Когда все кончилось - Давид Бергельсон Страница 8
Когда все кончилось - Давид Бергельсон читать онлайн бесплатно
Так тянутся короткие, серые дни и все дальше и дальше вгоняют городок в самую глубь зимы. И дома, и на улице — все одно и то же, и ощущаешь такое равнодушное недовольство всем окружающим, что хоть возьми да останови на улице любую перезрелую, надменно-разряженную девицу, излей на нее свою злость и скажи ей тоном старой ворчливой бабы: «Ну, чего привередничаешь? Что ты все замуж не выходишь?»
Куда ни глянь, на огромном пространстве стоит ветровая сила под покровом нависших серых туманов; все тяжелее становятся туманы и уже расстилаются над оснеженной, застывшей землей, а земля с каждым днем все мутней. Спряталось небо, стерлась черта горизонта. Не видят люди неба, не нужно оно городку. Дома прикорнули тяжело, словно большие звери, под тяжелыми, облепленными снегом крышами, и спят непробудным сном.
И чудится: у домов есть уши, невидимые настороженные уши, вслушиваются они постоянно в великую тишину кругом, веющую сюда, к нам, из ближних и дальних пространств.
И чудится: при малейшем, самом отдаленном шорохе полей готовы они сорваться с места и помчаться туда наперегонки, помчаться яростно и торопливо, как эти голодные собаки, которые мчатся навстречу чужому псу — непрошеному гостю.
Из трубы одного дома валит дым. Он не подымается к небу, а опадает книзу, беспомощно свивается кольцами в воздухе и, наконец, разлетается по снегу.

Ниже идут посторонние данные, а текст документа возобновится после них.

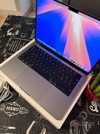 Apple 2021 Macbook Pro 14” pollici Chip Apple M1 Pro con CPU 8-core e GPU 14‑core Condizioni PERFETTE, pari al nuovo - no graffi, botte o problemi 16 GB di RAM 512 GB SSD Colore Grigio Siderale Aggiornato ad MacOs Tahoe 26.4.1 Condizioni batteria attuale 94% Vendo con scatola e alimentatore Apple originali Vendo solo con consegna a mano su Roma (comune) - non spedisco

Кучка евреев, слоняющихся без дела, стоит на пустой базарной площади вокруг саней, привезших на продажу камыш для топки печей. Они подсмеиваются над заупрямившимся мужиком, заломившим непомерную цену, и изводят его своими колкими словечками. А одетые по-зимнему лавочники, скучающие у дверей своих лавок, наблюдают это издалека и с довольным видом посмеиваются.
Базарная площадь пуста, и только на небольшом пространстве перед домом Авроома-Мойше Бурнеса — отца бывшего жениха Миреле, стоит пять-шесть пар запряженных помещичьих саней в ожидании хозяев, которые сидят у Бурнеса. За лошадьми смотрят бойкие кучера в меховых тулупах; от нечего делать они разглядывают соседских лошадей, делая при этом тоном знатоков замечания:
— Эта, наверное, скоро ослепнет на левый глаз.
— А вон та всегда тянет заднюю ногу…
А лошади стоят на одном месте и делают свое — потряхивают то и дело головами, чтобы сбросить с себя застывший пот, и при этом звенят на их шеях бесчисленные маленькие бубенчики; рассказывают эти бубенчики улице о том, что происходит в стенах дома.
О богатых гостях-помещиках, которые там, в пропахшем табачным дымом кабинетике делают займы; и о крупных торговцах-спекулянтах, которые не боятся совершать сделки за год вперед; и о том, что в красивой полутемной передней, битком набитой людьми, сидят в ожидании экономы и посыльные, готовые в любую минуту вытянуться во фронт перед выходящим барином, принять поручение, а потом помчаться кто куда.
Как-то не по себе становилось всегда Липкису, когда случалось ему проходить с Миреле мимо этого дома.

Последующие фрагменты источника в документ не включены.